Minimal Active GHRH Domain Structure-Activity Research — Sermorelin Acetate’s GHRH(1-29)NH₂ sequence defines the minimal biologically active GHRH domain — establishing through its clinical and pre-clinical validation that 29 residues are sufficient for full GHRHR biological activity. Research has used Sermorelin Acetate in structure-activity relationship studies examining the pharmacological contributions of individual GHRH residues to receptor binding and signal transduction — characterising position-specific alanine scanning mutagenesis effects on GHRHR activation, the pharmacophore requirements of the GHRH N-terminal region including Tyr1, Ala2, Asp3, and Phe6 critical contact residues, and the C-terminal amide contribution to receptor binding affinity. These SAR studies establish Sermorelin Acetate as the minimal active GHRH domain reference providing the pharmacophore foundation for understanding GHRH analogue design.
DPP-IV Lability and GHRH Analogue Stability Comparative Research — Sermorelin Acetate’s native Tyr1-Ala2 N-terminal dipeptide is the primary DPP-IV cleavage site — producing rapid in vivo degradation to the inactive Ser3-Arg29 fragment within approximately 10–12 minutes of administration.
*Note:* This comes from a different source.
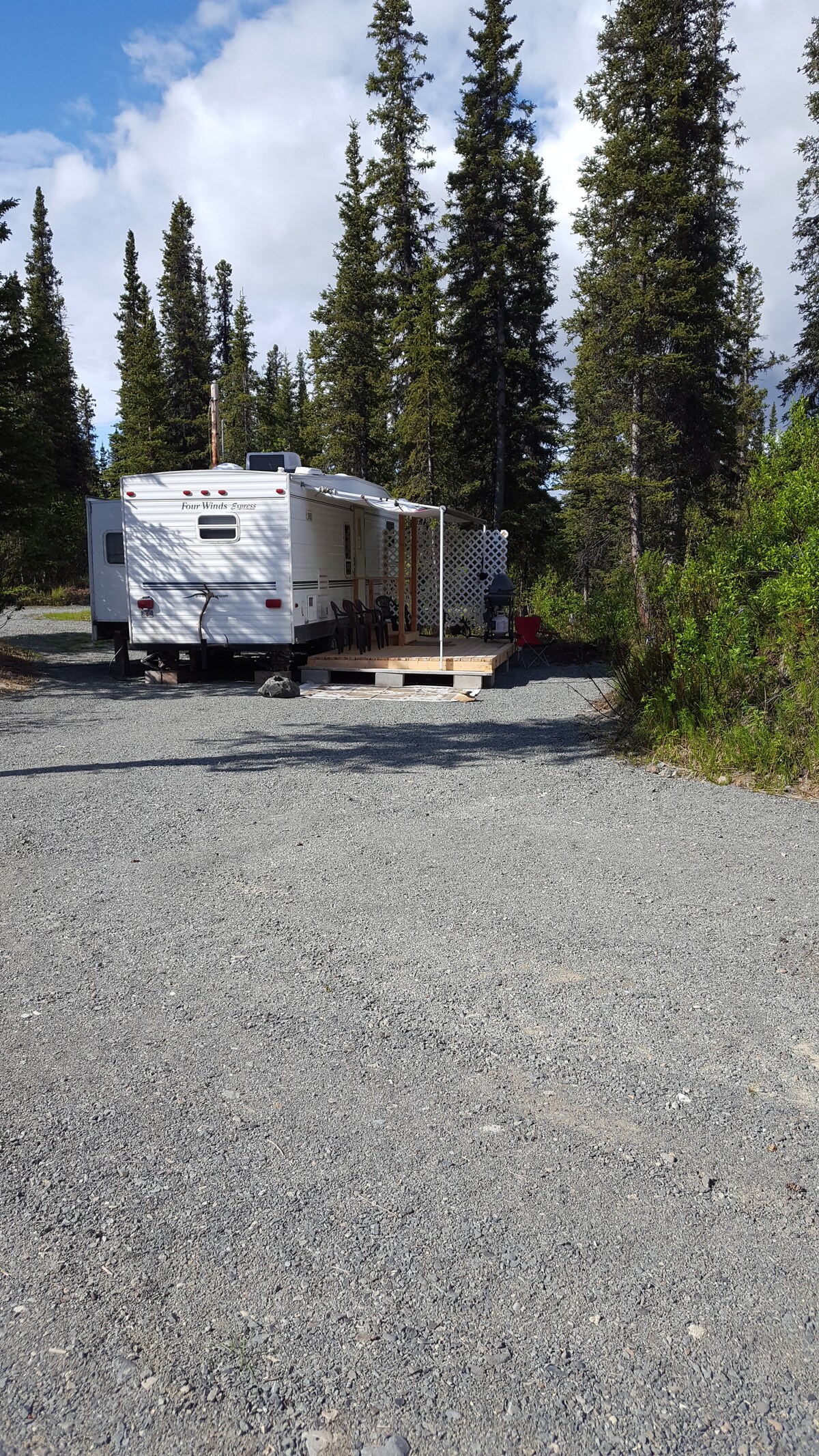 Autocaravana còmoda situada en un carreró sense sortida a les afores del parc Denali. Un gran restaurant i també un pub de pizza situat a només 10 minuts i l'entrada al parc és a només 10 minuts més. És un recorregut molt pintoresc. Cantwell i l'inici de Denali Hwy són a només 5 minuts en l'altra direcció. Hi ha una coberta i una barbacoa de gas per al teu ús. Estarà net i serà còmode per a la teva estada. Les parelles amb un nadó o un nen petit són benvingudes en aquest lloguer doble d'1 habitació.

Research uses Sermorelin Acetate as the DPP-IV-labile native-sequence reference in comparative pharmacokinetic studies examining DPP-IV resistance engineering strategies — characterising the half-life extension achieved by Ala8 substitution in Modified GRF(1-29), trans-3-hexenoic acid N-terminal conjugation in Tesamorelin, and DAC albumin conjugation in CJC-1295 With DAC relative to Sermorelin’s native-sequence DPP-IV lability baseline. These comparative stability studies use Sermorelin Acetate to establish the pharmacokinetic cost of native GHRH sequence preservation and the half-life extension magnitude achieved by each distinct stability engineering approach.
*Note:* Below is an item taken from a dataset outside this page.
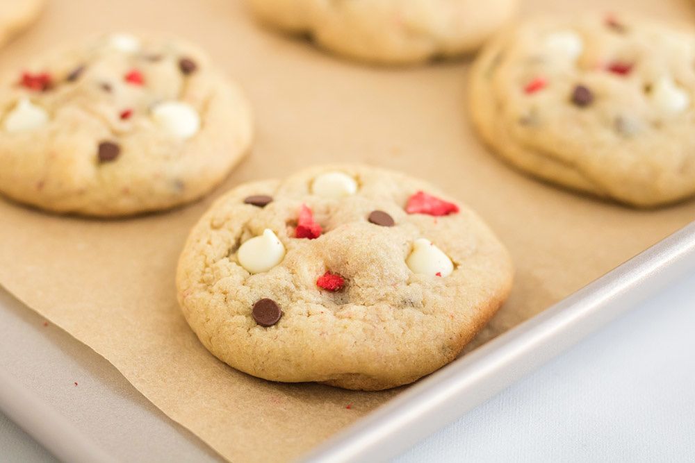 Strawberry Cheesecake Cookies January 09, 2020 5 Two types of chocolate chips and freeze dried strawberries baked into a delicious cheesecake cookie dough. These cookies are all kinds of deliciousness. try itSee the full directions on my site

GH Axis Ageing Biology and Somatopause Research — Sermorelin Acetate is a primary research tool for studying age-related decline in GH axis activity — the somatopause characterised by reduced GH pulse amplitude and frequency, decreased somatotroph secretory reserve, and declining IGF-1 production that accompanies normal ageing in rodent and primate models. Research has characterised somatotroph secretory reserve decline using Sermorelin Acetate stimulation testing across aged animal cohorts — examining peak GH response attenuation with age, somatotroph GHRHR expression changes, reduced Gs-cAMP signalling capacity in aged somatotrophs, and the restoration of GH secretory responses with Sermorelin Acetate administration in aged animal models. These somatopause research studies have positioned Sermorelin Acetate as the reference native-sequence GHRH compound for studying hypothalamic-pituitary axis ageing biology across EU geroscience research programmes.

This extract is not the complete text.